The books spans over a decade in a family that has already seen the two girls father disappear.  The mother has taken in another bloke, who beats her. The tale is rich in descriptive adjective, that keeps you unfocused on the horror going on in this family.  This rich descriptive detail is so distracting, providing the only meat of the book, that later I felt it must have been how the children survived, by focusing deeply on other things.

The story follows the family through the horror of this brutal husband, who carts them off for a time to Vancouver Canada, sure he'll make it big there.  But there, they cannot escape who they are either, and the couple fights brutally and the husband squanders any money they come upon in drinking, schemes and criminal activity.  Aunts rescue them and get them back to England, where the story began.  The mother eventually takes a squalid job in a city.  They live in terrible and violent neighborhoods.  Eventually mom gets another man, who at first seems divine and brings home all sorts of money and new gadgets for their home.  Soon he is carted away by the police.  He was stealing.  Once out of jail, and on the dole, he too becomes a drunkard and a wife beater.  Despite the horrible beatings, she won't turn him in. She takes him back over and over, ignoring the welfare of her children.  They often eat take out food, while the children starve on the wings.  When the daughters turn him in, the police simply give him a lecture, and when he nearly kills their mother, a judge turns him free with a small fine, only making matters worse.
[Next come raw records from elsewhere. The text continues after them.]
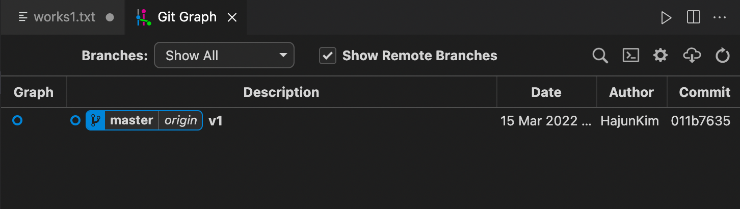 add 했을 때까지는 graph에 어떠한 변화도 없다가 commit을 마친 후에 어떠한 변화가 나타난 것을 알 수 있다.
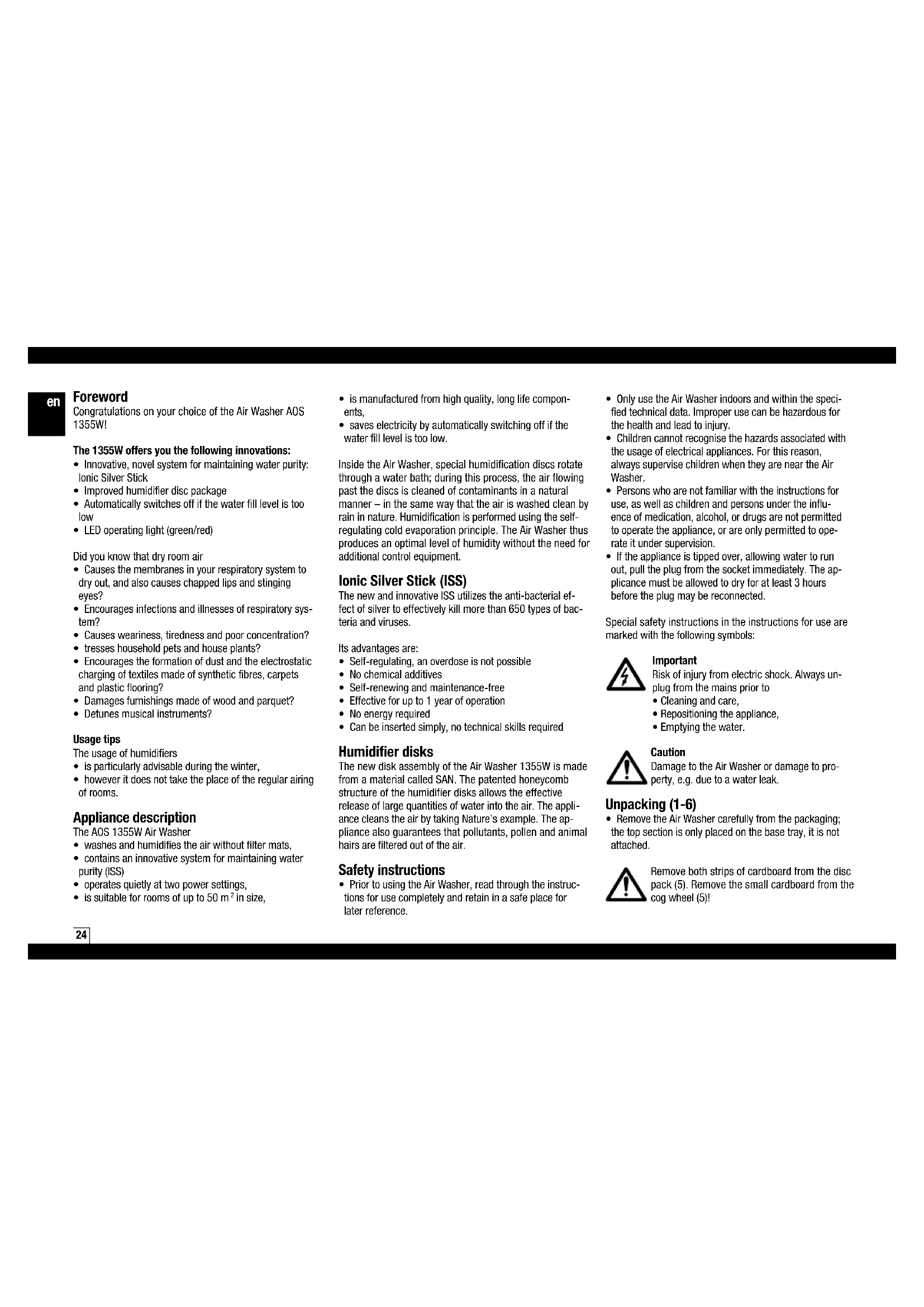 - Can be inserted simply, no technical skills required Humidifier disks The new disk assembly of the Air Washer 1355W is made from a material called SAN. The patented honeycomb structure of the humidifier disks allows the effective release of large quantities of water into the air. The appli- ance cleans the air by taking Nature’s example. The ap- pliance also guarantees that pollutants, pollen and animal hairs are filtered out of the air. Safety instructions
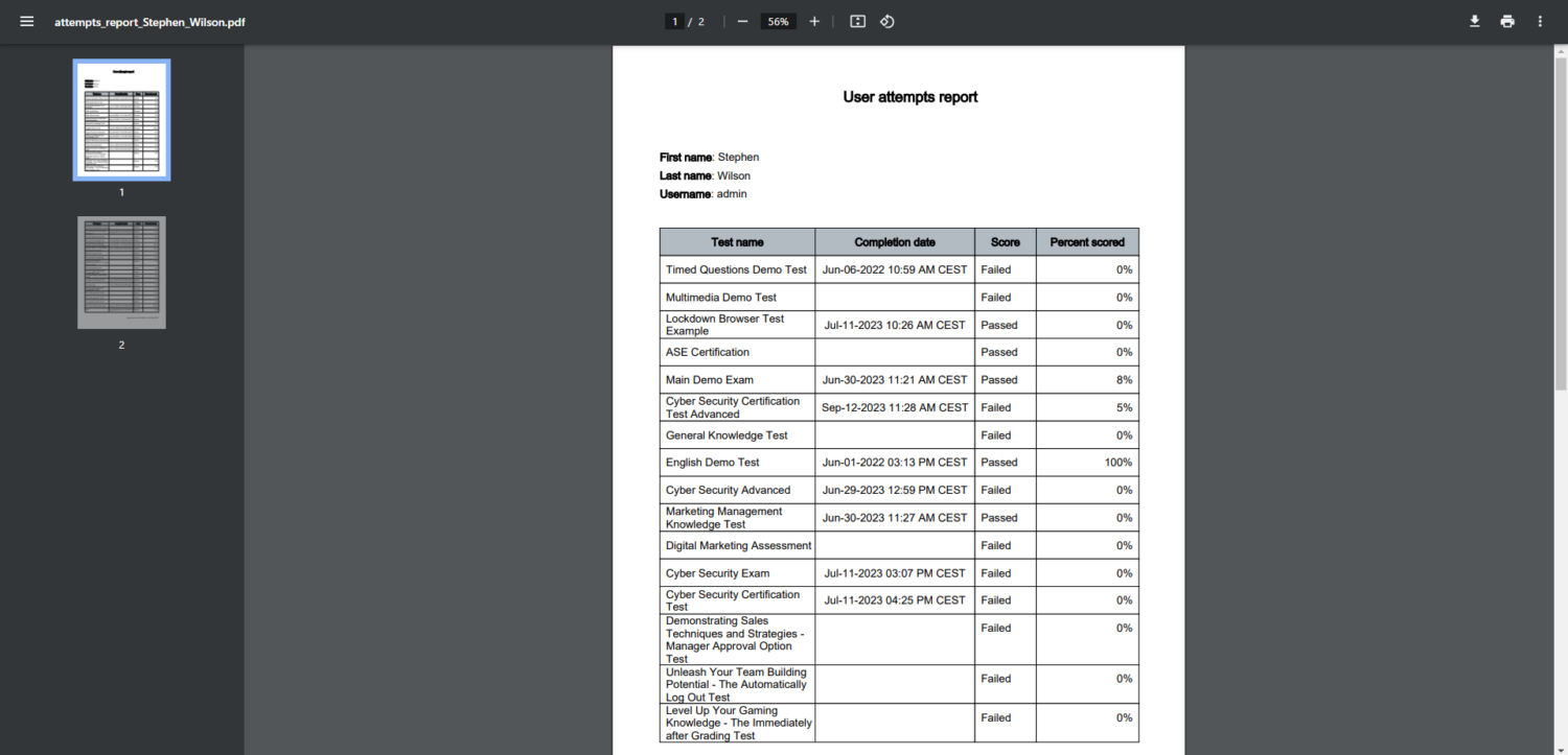The template will be downloaded as a PDF file where you can preview all user’s test attempts.

The story is of the three girls, the one born later to their second father, and their attempts to survive, by immersing themselves in dreams of the future, of fashions and clothes unobtainable, of small pleasures, like candy, of boys and of school, their only escape.  School is also their ticket out of such lives. The older two girls realize this and work hard in school.  There is nothing easy at home.  They walk on eggshells there, so as not to begin the fights or get whacked themselves.
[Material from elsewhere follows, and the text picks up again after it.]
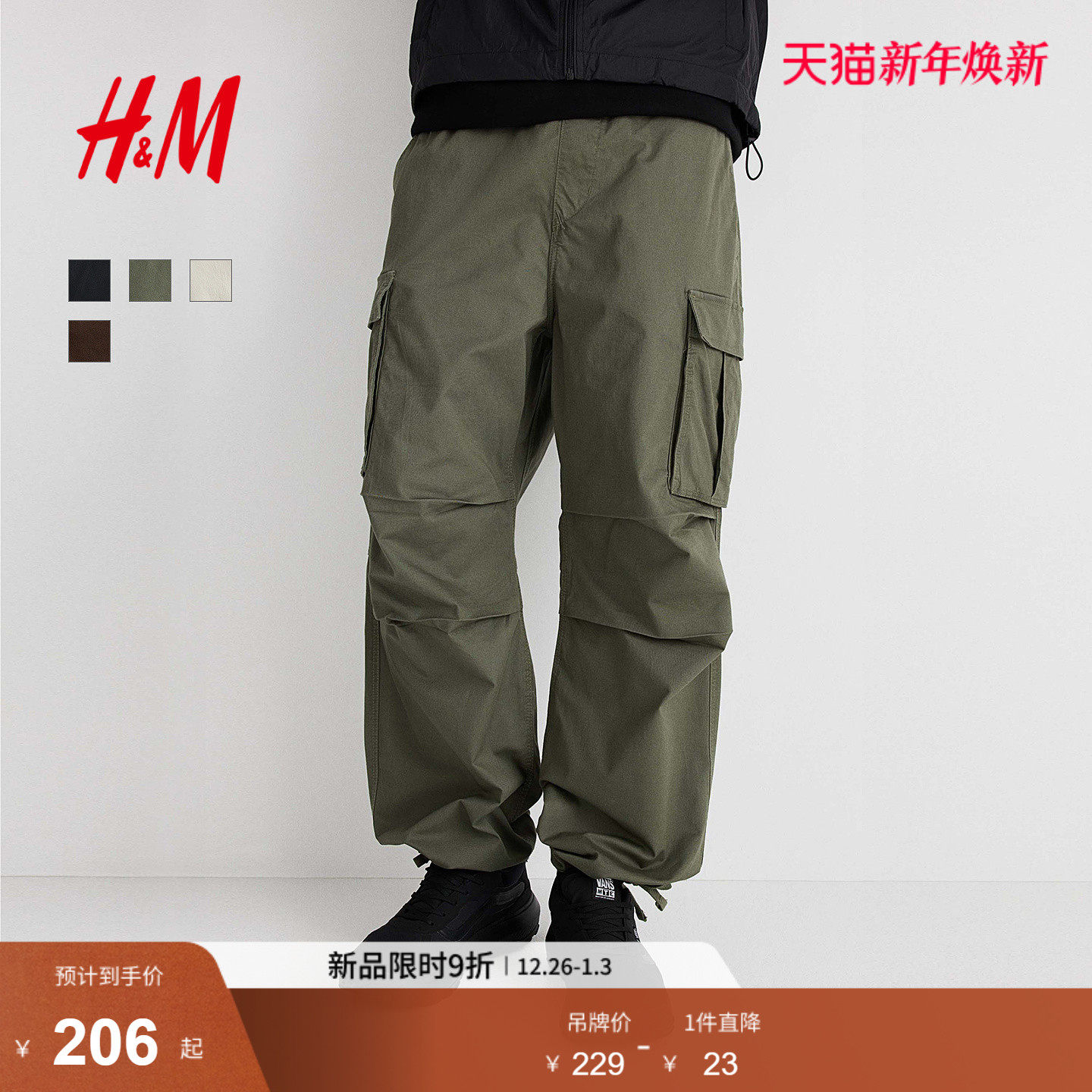HM男装休闲裤冬季棉质中腰松紧腰直筒版通勤长裤工装裤1228206

The book ends as the author, the oldest daughter of the three, who has studied hard enough to earn entrance to Oxford, walks out the door.

This is a grim book of family neglect, selfishness, abuse and dysfunction, told through the heart of an affected child.  The story is well known to me and to countless others, without needing to read the book.

How do I rate Once in a House on Fire?  On a scale of one to five with five being excellent, I give it a three.